● **SUPPLIED RECORDS**:
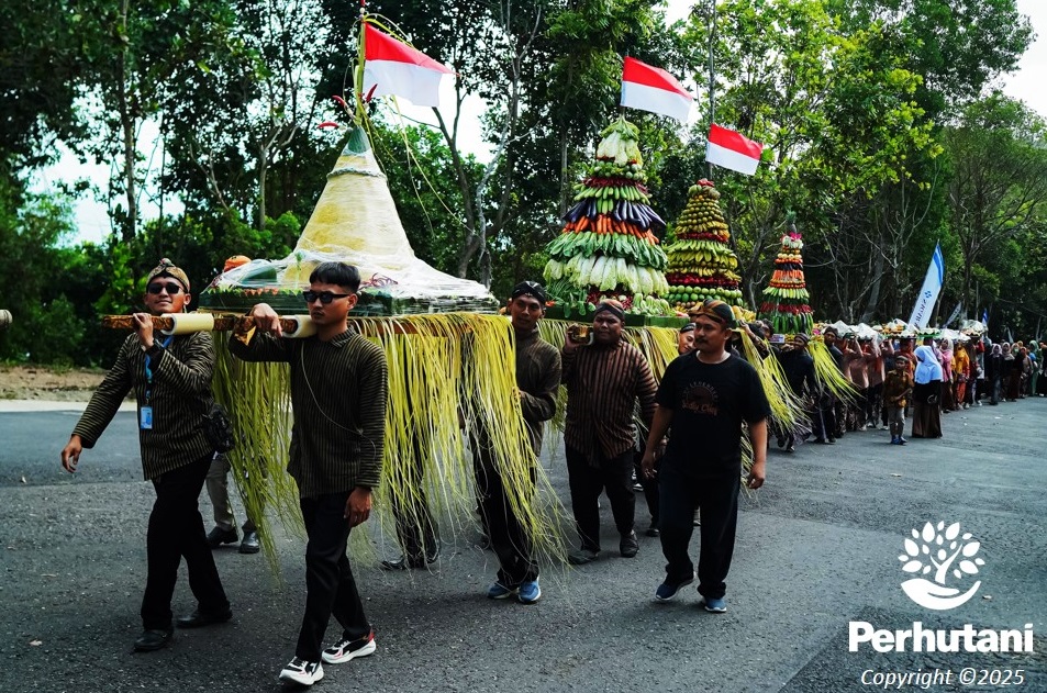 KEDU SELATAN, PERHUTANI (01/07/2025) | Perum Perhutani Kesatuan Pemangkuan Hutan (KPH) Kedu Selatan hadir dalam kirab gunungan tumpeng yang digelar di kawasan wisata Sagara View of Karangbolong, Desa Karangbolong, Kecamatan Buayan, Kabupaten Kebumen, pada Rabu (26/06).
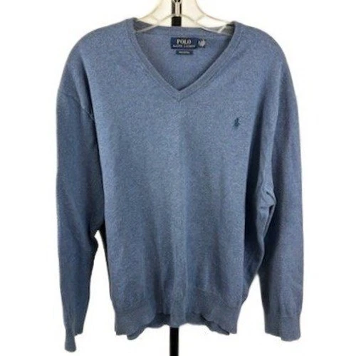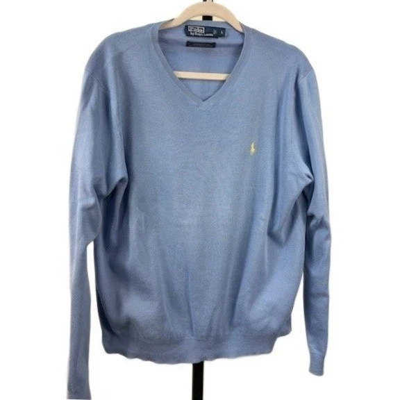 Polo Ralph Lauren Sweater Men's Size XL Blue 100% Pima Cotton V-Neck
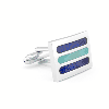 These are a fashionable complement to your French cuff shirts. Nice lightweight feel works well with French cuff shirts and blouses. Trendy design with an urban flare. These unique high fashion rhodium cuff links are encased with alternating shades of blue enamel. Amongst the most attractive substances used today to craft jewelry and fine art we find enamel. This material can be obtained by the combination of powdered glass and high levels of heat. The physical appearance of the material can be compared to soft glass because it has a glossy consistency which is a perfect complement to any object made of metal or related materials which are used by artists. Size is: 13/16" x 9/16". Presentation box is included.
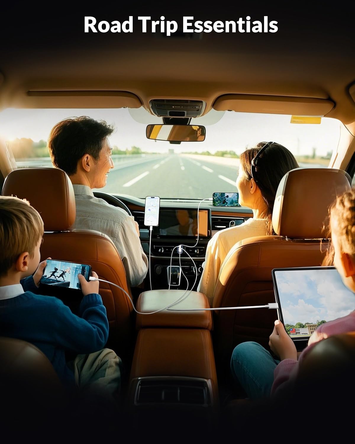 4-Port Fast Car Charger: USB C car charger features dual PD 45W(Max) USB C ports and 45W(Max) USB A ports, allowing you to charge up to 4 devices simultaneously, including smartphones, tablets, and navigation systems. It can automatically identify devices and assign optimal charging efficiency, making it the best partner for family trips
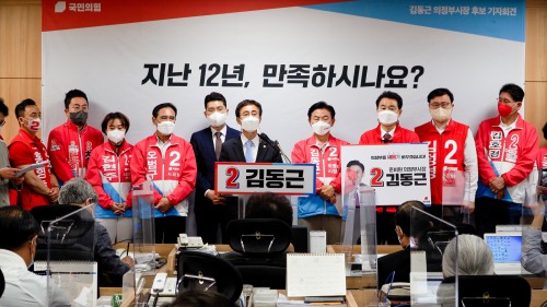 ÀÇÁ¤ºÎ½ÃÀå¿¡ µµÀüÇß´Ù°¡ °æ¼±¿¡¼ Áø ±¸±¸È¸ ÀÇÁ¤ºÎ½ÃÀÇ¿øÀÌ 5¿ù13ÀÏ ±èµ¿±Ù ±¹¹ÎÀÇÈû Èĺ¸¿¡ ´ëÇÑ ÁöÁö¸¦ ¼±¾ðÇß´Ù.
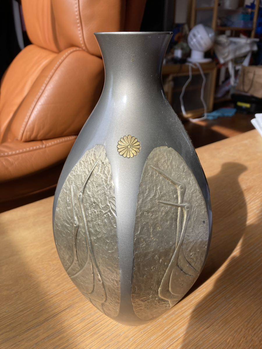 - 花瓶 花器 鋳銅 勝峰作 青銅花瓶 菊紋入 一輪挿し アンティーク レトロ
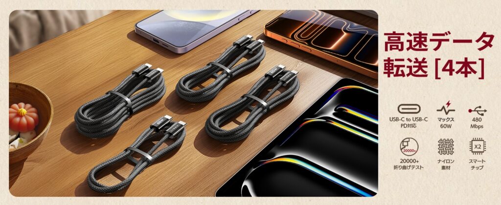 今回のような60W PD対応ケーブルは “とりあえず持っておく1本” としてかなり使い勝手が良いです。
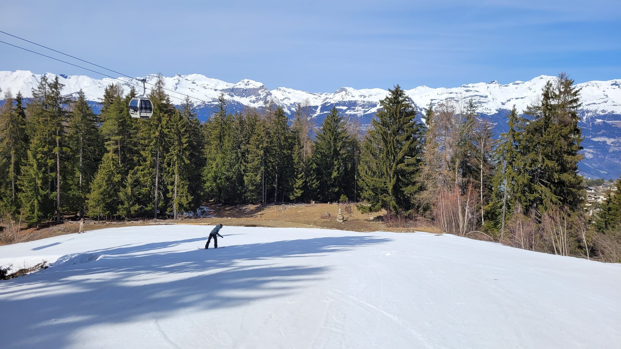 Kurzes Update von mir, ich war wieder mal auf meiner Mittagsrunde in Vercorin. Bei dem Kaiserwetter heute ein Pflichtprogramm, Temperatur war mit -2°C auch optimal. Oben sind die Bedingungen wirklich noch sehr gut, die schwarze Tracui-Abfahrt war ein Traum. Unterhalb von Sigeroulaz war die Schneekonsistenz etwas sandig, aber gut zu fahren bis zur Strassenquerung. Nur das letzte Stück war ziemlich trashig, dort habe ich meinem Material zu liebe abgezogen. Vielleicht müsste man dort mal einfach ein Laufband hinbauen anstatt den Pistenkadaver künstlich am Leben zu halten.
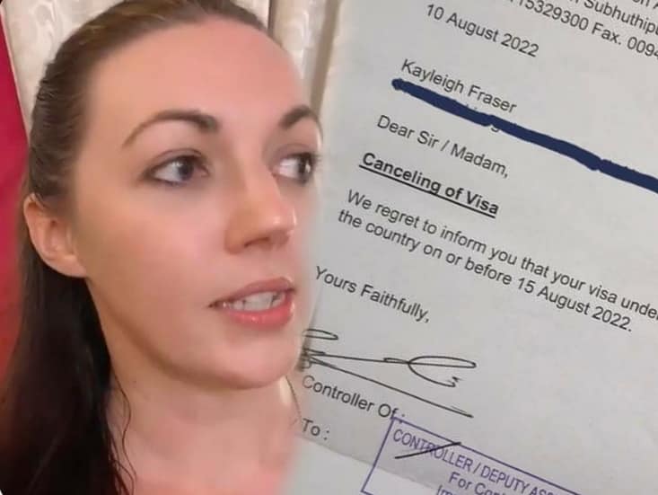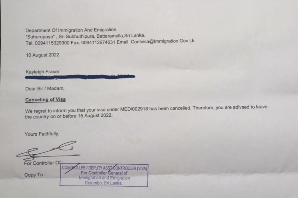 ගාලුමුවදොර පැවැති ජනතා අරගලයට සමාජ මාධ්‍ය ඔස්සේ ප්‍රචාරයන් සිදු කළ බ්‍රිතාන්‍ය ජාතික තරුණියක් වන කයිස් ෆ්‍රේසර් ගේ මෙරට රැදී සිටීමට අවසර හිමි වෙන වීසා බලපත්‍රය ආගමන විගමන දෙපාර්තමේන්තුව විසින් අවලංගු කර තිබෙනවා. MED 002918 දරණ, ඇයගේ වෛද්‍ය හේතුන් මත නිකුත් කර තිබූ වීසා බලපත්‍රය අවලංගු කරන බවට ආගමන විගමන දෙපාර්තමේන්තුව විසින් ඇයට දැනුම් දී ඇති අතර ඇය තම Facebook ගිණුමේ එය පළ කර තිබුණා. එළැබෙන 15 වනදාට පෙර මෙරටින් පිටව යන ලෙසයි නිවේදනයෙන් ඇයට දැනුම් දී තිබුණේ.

---

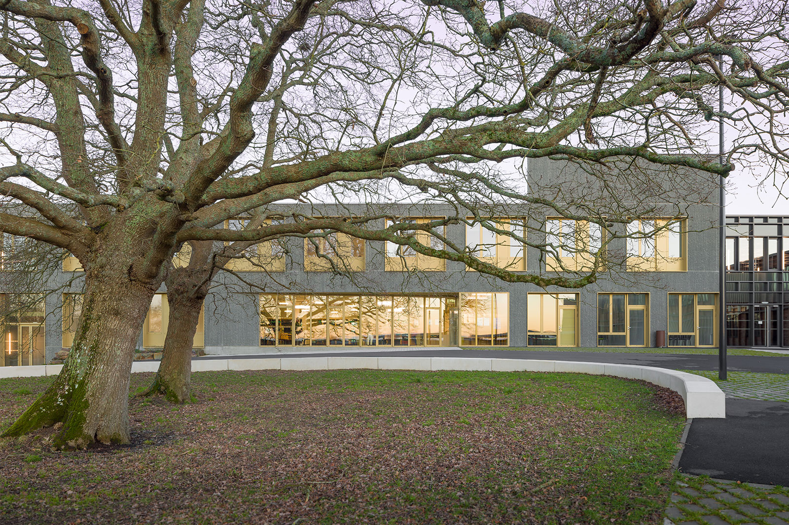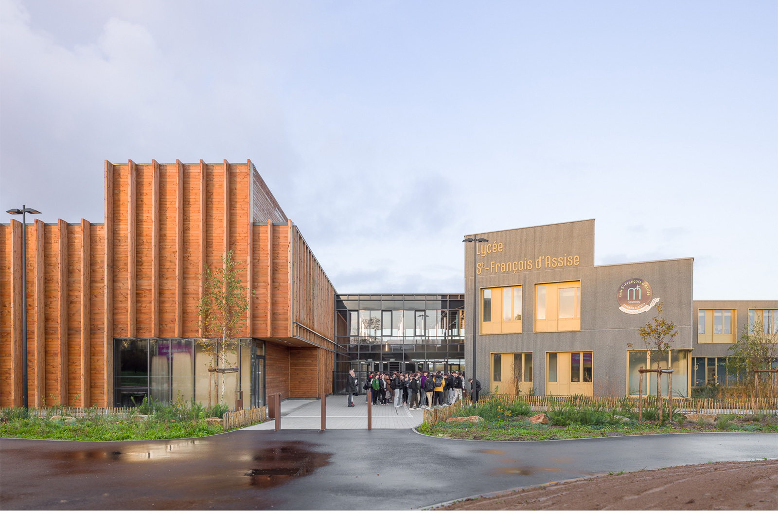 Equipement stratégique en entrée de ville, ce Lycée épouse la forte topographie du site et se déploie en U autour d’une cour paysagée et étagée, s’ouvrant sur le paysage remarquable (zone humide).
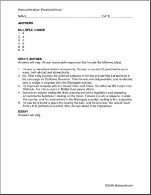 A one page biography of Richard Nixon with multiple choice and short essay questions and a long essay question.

● **TASK STATEMENT**: Starting at the line containing "Equipement stratégique en" and stopping at the line containing "A one page biography", output every line above exactly, both ends included, with pictures omitted.

● **WORKED SOLUTION**:
 Equipement stratégique en entrée de ville, ce Lycée épouse la forte topographie du site et se déploie en U autour d’une cour paysagée et étagée, s’ouvrant sur le paysage remarquable (zone humide).
 A one page biography of Richard Nixon with multiple choice and short essay questions and a long essay question.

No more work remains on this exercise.